A handful of Charleston area neighbors turned out for a recent Town Hall meeting at Charleston Elementary School, hosted by city officials.Just under a dozen local residents came to the meeting for a …
A handful of Charleston area neighbors turned out for a recent Town Hall meeting at Charleston Elementary School, hosted by city officials.
Just under a dozen local residents came to the meeting for a question-and-answer session on the city's tentative plan to annex their respective neighborhoods.

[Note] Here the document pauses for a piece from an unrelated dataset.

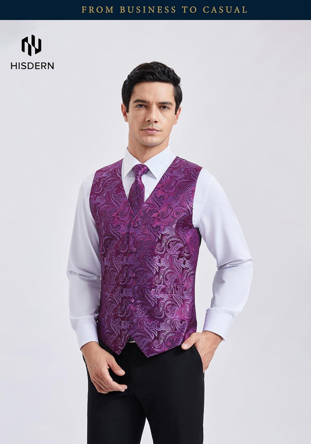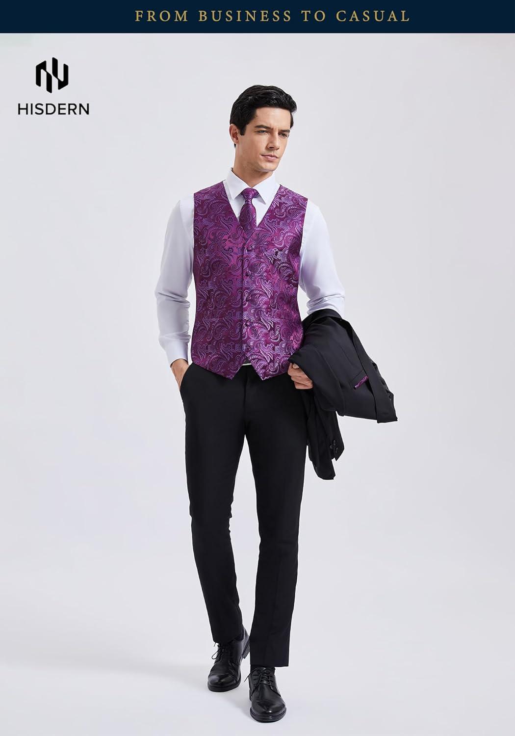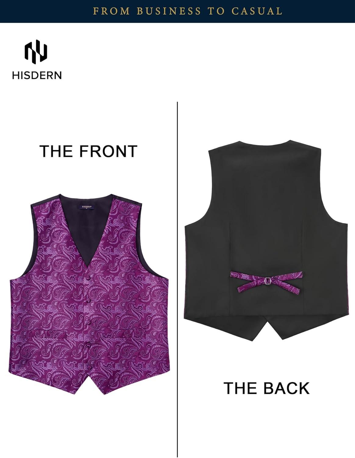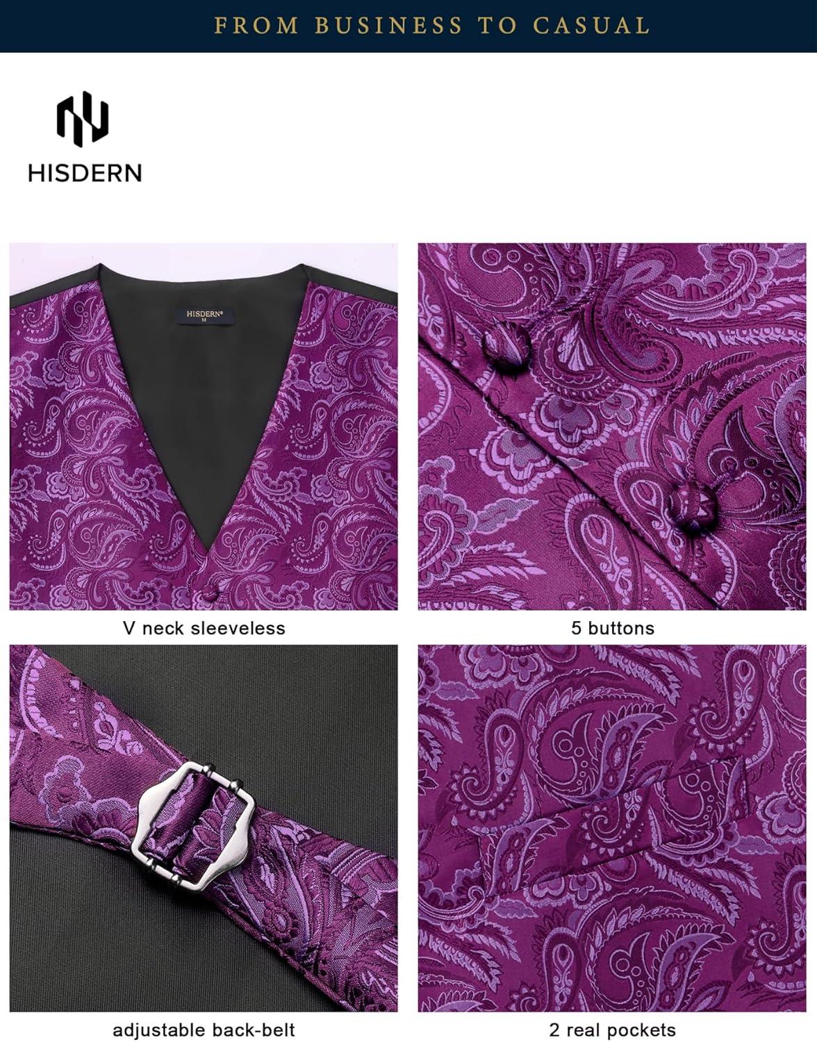 HISDERN V3-01 Men’s 3PCS Formal Vest Set Slim Fit Jacquard Waistcoat with Paisley Floral Pattern for Wedding Prom Party(Purple)
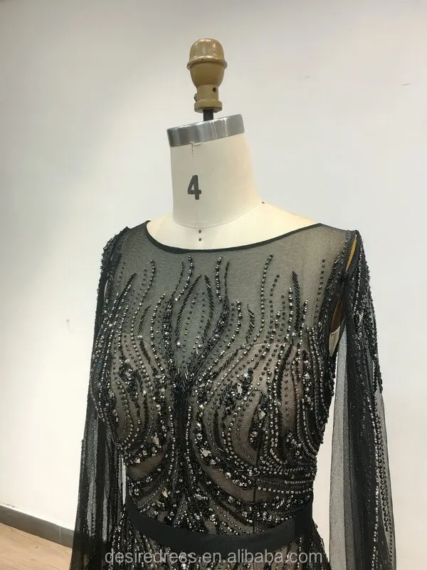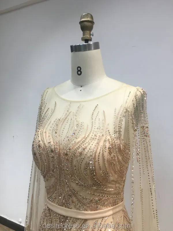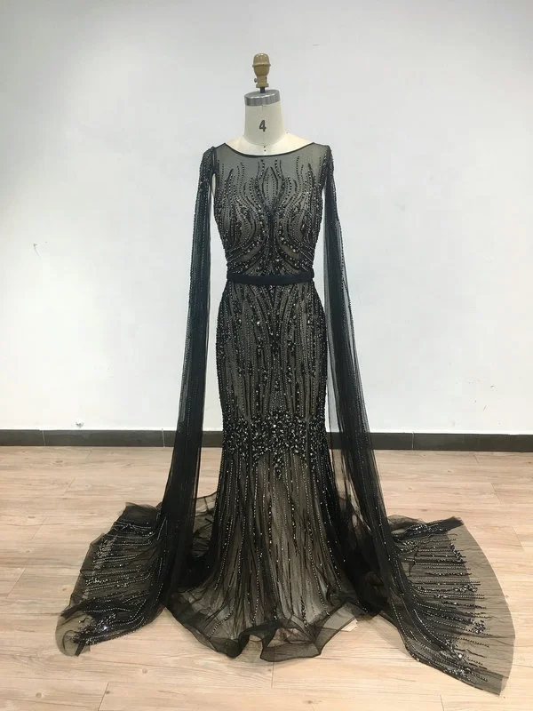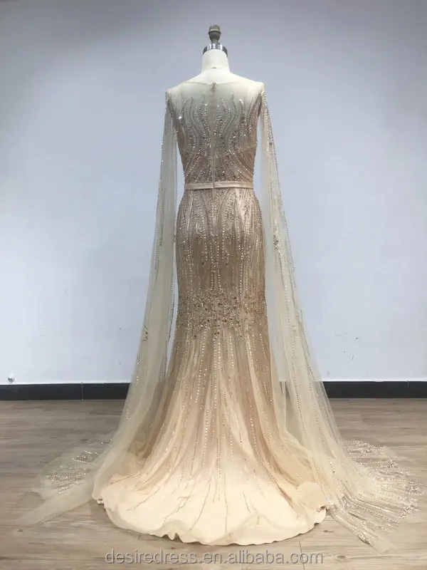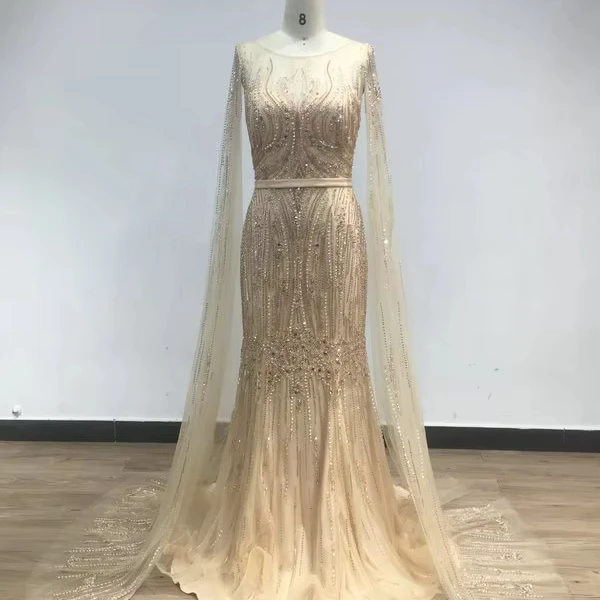 DSQL62172 Luxurious Muslim Boat Neck Long Cape Sleeves Evening Gowns Beading Mermaid Prom Dresses Women Casual for Wedding

A majority were from the Maple Crest subdivision, while a couple live on Mustang Drive.
The meeting was sponsored by Charleston City Commissioners Walter Goode, Frankie McCartney and Donna McDermott, while City Manager Caroline Geren and City Recorder Janet Newport were also in attendance.
Officials repeatedly emphasized the plan to possibly annex the two respective neighborhoods adjacent to the city limits is not about increased property taxes.
"Its about numbers and our population," said McCartney.
The commissioners reported Charleston's current population of around 750 residents is a severe handicap to the municipality's ability to grow, expand and improve living conditions for all its citizens.
They pointed out there is grant money available for a number of proposed projects the city might pursue, but the grants are limited for cities with less than 1,000 residents.
There are 78 households in Maple Crest and on Mustang Drive, and if they were to come into the city, Charleston would have around 1,000 residents.
There are some other surrounding areas where residents could be annexed, especially if they had an interest. These areas are also in the city's 20-Year Growth Plan, a requirement for annexation.
These areas include some property right around the two targeted subdivisions, along Lauderdale Memorial Highway to Walker Valley Road, to Shaeffy Lane, to Dry Valley Road, and the Hiwassee Lane area.
The purpose of the Town Hall meeting was to discuss advantages, and concerns, for residents who might come into the city.
McCartney handled much of the presentation, providing information he had compiled on city residency.
He said the out-of-city residents will realize around $200 in annual savings by being in the city, this savings coming from city garbage pick-up, and the elimination of their fire tax.
According to his numbers, the owner of a $50,000 home is paying approximately $299 each year for fire tax and garbage disposal. Their city property tax would be $61.45, realizing a savings of $237.55.
The owner of a $300,000 home is expending approximately $574 in fire tax and garbage pick-up annually, according to McCartney. Their $368.70 city property tax would generate approximately $205.30 in savings.
In addition, the city would provide regular patrols into the subdivisions by Charleston Police Department vehicles. New residents would also receive street maintenance, and other services and activities the city has to offer.
McCartney also pointed out that if residents are dissatisfied with the job the current commissioners are doing, they can run for elected office.
There was considerable discussion back and forth Tuesday evening. The commissioners used information from questionnaires mailed out to residents in the two subdivisions.
Of 78 questionnaires mailed out, 11 were returned to the city. There was an even split in responses, with four favoring annexation, four opposed, and three unsure. Most of those responses were represented in Tuesday's attendance.
Among the items discussed were road and street issues, especially large truck traffic in the city; the Police Department; the control of dogs, and other animals in the city; the fact that Charleston has one of the lowest tax rates in the state; senior tax relief; the possibility of future tax increases; the lack of an adequate warning system for industrial emergencies; regular air quality checks; community litter; the possibility of adding another police officer; gaps in police hours; and the city's Hoyt Berry Park.
Bradley County Sheriff Steve Lawson, a resident of Maple Crest subdivision, joined another resident in asking the commissioners about the possibility of getting sewer into the community.
Lawson had mentioned this when he arrived at the meeting, saying this is a major concern throughout the county.
Lawson also said he attended Tuesday's meeting, "To see what they (the commissioners) had to say."
Goode, and the other commissioners, informed those in attendance that they are working with the Municipal Technical Advisory Service (MTAS) at the University of Tennessee in Knoxville to see how best to go about annexation. The best option is to place the issue on the 2020 election ballot.
Non-city residents can also petition to be taken into the city.
"This (annexation option) is about growth and trying to make Charleston the best city it can be," said Goode. "I hope someone in these two neighborhoods is interested in replacing me, and working for the betterment of Charleston."